Transformative R01 Awards
These awards will support projects that have the potential to create or overturn fundamental paradigms in biomedical research. The funding amount varies by project; in some instances, the funding amount has not yet been finalized.
Gary Peltz, a professor of anesthesia – in collaboration with research associate Toshi Nishimura and postdoctoral scholarYajing Hu – will use his $2.5 million over the next five years to study the effects of common drugs, including cholesterol medications, on mice with livers grown from human liver cells. One of the liver's main functions in the body is to break down, or metabolize, toxic chemicals, which can include drugs.
"What we will do is determine if the rate of metabolism of drugs that we test is determined by the genetic factors within the donor human liver cells that are used to reconstitute the human liver," Peltz said.
He expects that some livers will process a given drug more quickly than others, which would potentially change the drug's effects on the body. This study could provide insight into why people's responses to the same drug sometimes vary.
Marius Wernig, an assistant professor of pathology, and Thomas Sudhof, a professor of molecular and cellular physiology, discovered earlier this year that skin cells taken from mice can be converted directly into fully functional neuronal cells, skipping the intermediary stem cell step. Wernig and Sudhof will use their award funding (the exact amount is still being determined) over five years to see whether the same technique can be used on skin cells from humans.
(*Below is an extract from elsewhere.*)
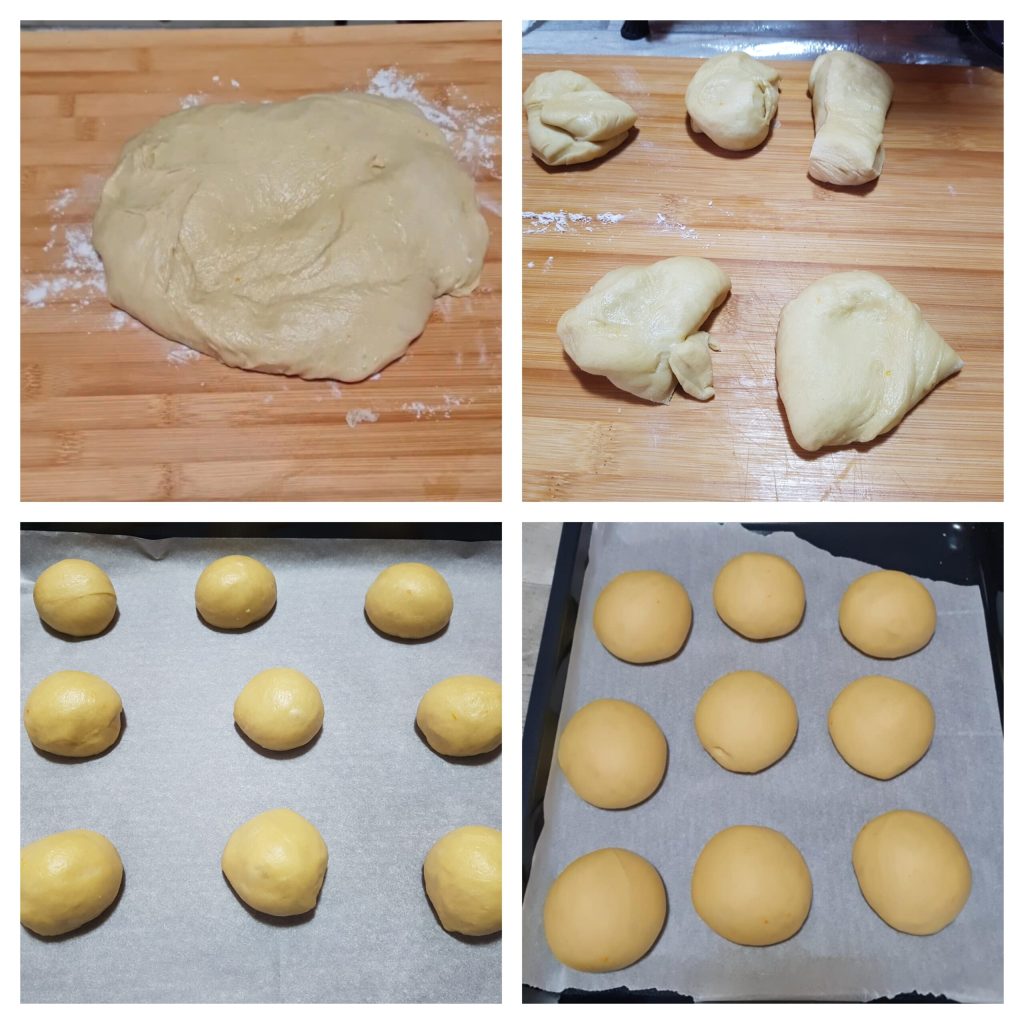 Après la levée, la pâte aura doublé de volume. La renverser sur un plan de travail. Avec les mains, la dégazer délicatement. Maintenant, prendre délicatement des morceaux de pâte et former des boules d’environ 80-90 g chacune. Placer les brioches sur une plaque recouverte de papier cuisson et laisser lever à nouveau pendant 1 à 2 heures ou jusqu’à ce qu’elles doublent de volume.

Neurons grown from cells of patients with brain disease would preserve the genetic information contained in the original cell, enabling scientists to study the cellular mechanisms of disease up close in a way that imaging studies and postmortem analyses do not allow. This study will focus on neuropsychiatric diseases thought to arise from problems at the synapse – the space between neurons that signals must traverse to move from one cell to the next. But the potential is enormous. "It could be applicable to any brain disease you can think of," Wernig said of the new method.